Kemudian juga Qanun nomor 11 tahun 2008 tentang Perlindungan anak, dan Qanun nomor 8 tahun 2015 tentang Pembinaan dan perlindungan aqidah Aceh. Maka menurutnya pemenuhan hak anak merupakan tanggungjawab semua pihak, termasuk tokoh agama dan tokoh adat.
“Berbicara tentang anak, kita berbicara tentang masa depan. Anak lah yang akan mengisi kehidupan di dunia kelak. Anak Aceh itu harus sehat secara akhlak, aqidah, tangguh dan berkembang dalam lingkungan yang aman dan sejahtera,” kata dia.
Kemudian, dia menjelaskan, fenomena sekarang ini berbagai persoalan yang menyangkut dengan anak sangat mengkhawatirkan. Aceh tercatat memiliki angka balita stunting ketiga terbanyak di Indonesia.
Kata dia, stunting tersebut disebabkan beberapa faktor yang langsung berkaitan dengan gizi ibu hamil hingga 1.000 hari pertama kehidupan (HPK), sanitasi, akses air bersih, penyakit infeksi berulang, hingga ketersediaan pangan dan kondisi sosial ekonomi.
Dan juga, penyebab lain rendahnya cakupan imunisasi pada anak di provinsi paling barat Indonesia tersebut juga berisiko menyebabkan infeksi berulang dan wabah penyakit yang dapat dicegah dengan imunisasi (PD3I), karena tidak adanya kekebalan kelompok di masyarakat.
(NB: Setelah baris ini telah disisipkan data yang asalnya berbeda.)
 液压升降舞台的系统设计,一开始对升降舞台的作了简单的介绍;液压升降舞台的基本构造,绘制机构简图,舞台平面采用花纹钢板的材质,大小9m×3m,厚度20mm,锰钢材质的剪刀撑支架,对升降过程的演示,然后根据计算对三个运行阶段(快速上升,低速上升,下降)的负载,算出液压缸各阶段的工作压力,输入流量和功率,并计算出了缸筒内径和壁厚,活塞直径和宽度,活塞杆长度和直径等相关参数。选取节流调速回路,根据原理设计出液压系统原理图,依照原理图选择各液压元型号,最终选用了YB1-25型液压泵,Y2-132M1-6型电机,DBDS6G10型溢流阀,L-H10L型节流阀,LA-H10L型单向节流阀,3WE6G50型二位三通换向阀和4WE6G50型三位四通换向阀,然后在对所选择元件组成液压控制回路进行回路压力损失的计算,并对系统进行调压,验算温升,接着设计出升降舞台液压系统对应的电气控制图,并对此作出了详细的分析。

“Di sisi lain, kasus kekerasan terhadap anak di Aceh juga cukup tinggi, bahkan angkanya merupakan yang tertinggi ketiga seluruh provinsi di pulau Sumatera. Dan kasus kekerasan seksual pada anak menjadi jenis kasus yang paling banyak dilaporkan,” katanya.
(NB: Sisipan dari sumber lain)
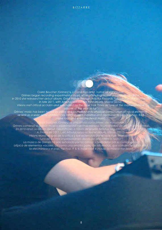 Клер Элис Буше, более известная как Grimes (Граймс) — канадская певица, музыкант, сонграйтер и клипмэйкер. Родилась и выросла в Ванкуверфе, увлеклась андеграундной музыкальной сценой и стала записывать собственную экспериментальную музыку под псевдонимом Grimes, параллельно изучая нейробиологию в монреальском Университете Макгилла.
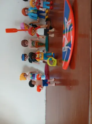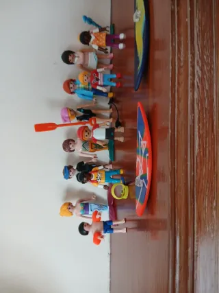 Conjunto de figuras PlayMovil con temática de verano y actividades acuáticas. - Incluye figuras con accesorios de surf y remo. - Figuras con trajes de baño y flotadores.

Perwakilan UNICEF Aceh Muhammad Afrianto Kurniawan mengatakan pihaknya bekerjasama dengan pemerintah Aceh dalam mendukung upaya pemenuhan hak anak, diantaranya penurunan angka malnutrisi atau stunting di Aceh serta upaya pencegahan kekerasan terhadap anak. Kemudian, peserta pelatihan tersebut berasal dari delapan kabupaten/kota di Aceh yakni Sabang, Aceh Jaya, Aceh Singkil, Simelue, Gayo Lues, Aceh Selatan, Pidie dan Nagan Raya.
Kata dia, berdasarkan konvensi hak anak PBB tahun 1989 dan undang-undang nomor 35 tahun 2014 tentang perlindungan anak, pemenuhan hak anak merupakan tanggung jawab semua pihak.
“Yaitu orang tua, keluarga, pemerintah daerah, dan setiap unsur masyarakat, termasuk di dalamnya tokoh adat, tokoh agama, dan tokoh masyarakat lainnya yang harus dihormati, dipenuhi, dilindungi dan dijamin pemenuhannya,” katanya.